When Congress passed the Gramm-Leach-Bliley Act of 1999, it did so absent strong consumer privacy protections but invited states to enact legislation to further protect consumers’ sensitive financial information. Currently, information that was traditionally held only by a consumer’s bank, insurer or investment firm may now be shared across various financial service providers. Under federal law, affiliates may share information regarding consumer accounts and spending practices. Further, these companies may share information with third parties for financial marketing purposes. In either instance, the consumer has no legal right to stop this distribution of information.
SB 773 (Speier) is California’s response to Congress’ invitation to strengthen the law and gives California consumers more control over their personal financial information.
· Gives consumers the right to stop the sharing of information with affiliated companies (opt-out).
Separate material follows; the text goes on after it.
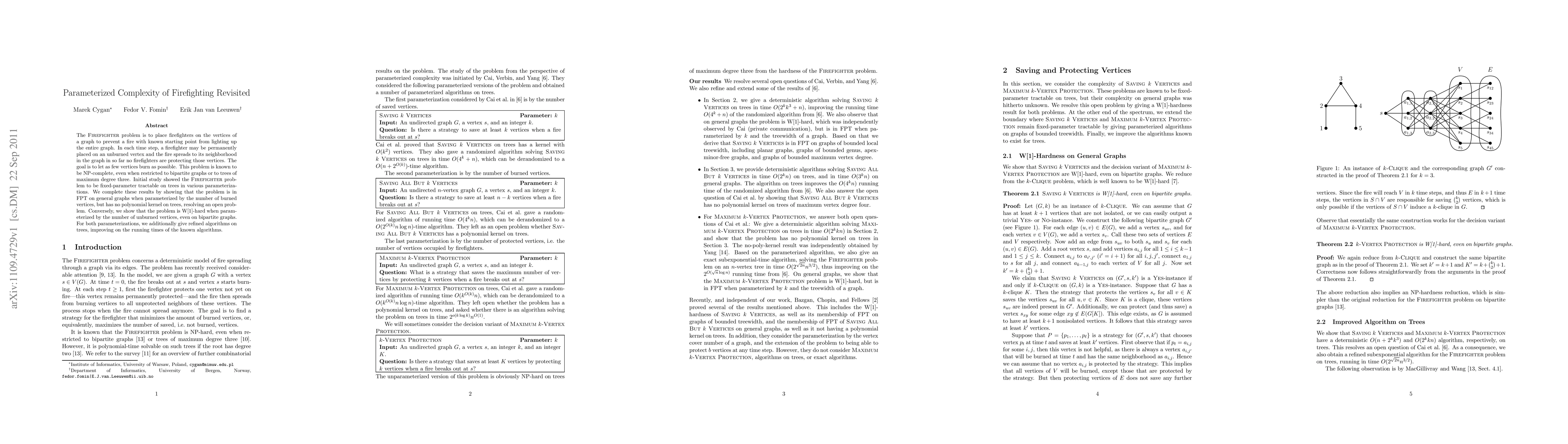 This paper revisits the Firefighter problem, demonstrating its fixed-parameter tractability when parameterized by the number of burned vertices but showing it has no polynomial kernel on trees. It also proves W[1]-hardness when parameterized by unburned vertices, even on bipartite graphs.

Under federal law, consumers have no right to control the use and sharing of their financial information with affiliates of the financial institution with whom they have a business relationship. SB 773 allows consumers to stop the sharing of this information by opting out of this practice.
· Requires financial institutions to get a consumer’s affirmative consent (opt-in) before sharing information with third parties.
This will significantly reduce unwanted marketing as well as the deceptive practices of some financial institutions that result in consumers being charged for products or services without ever giving an outside party their account information. Consumers must opt-in to allow banks to share information with third parties.
· Allows financial institutions to enter joint marketing agreements on a limited basis under an opt-out standard.
Small financial institutions with limited affiliates may choose to enter joint marketing agreements in order to remain competitive with financial institutions that have many affiliates. Under these circumstances, financial institutions may share consumer information with outside financial institutions unless the consumer opts-out of this practice.
· Gives the Attorney General enforcement authority for violations of this law.
Financial institutions that share information negligently will be fined $2,500 per violation with a cap of $500,000 per occurrence. Those who knowingly and willfully violate the law will be fined $2,500 per violation with no cap.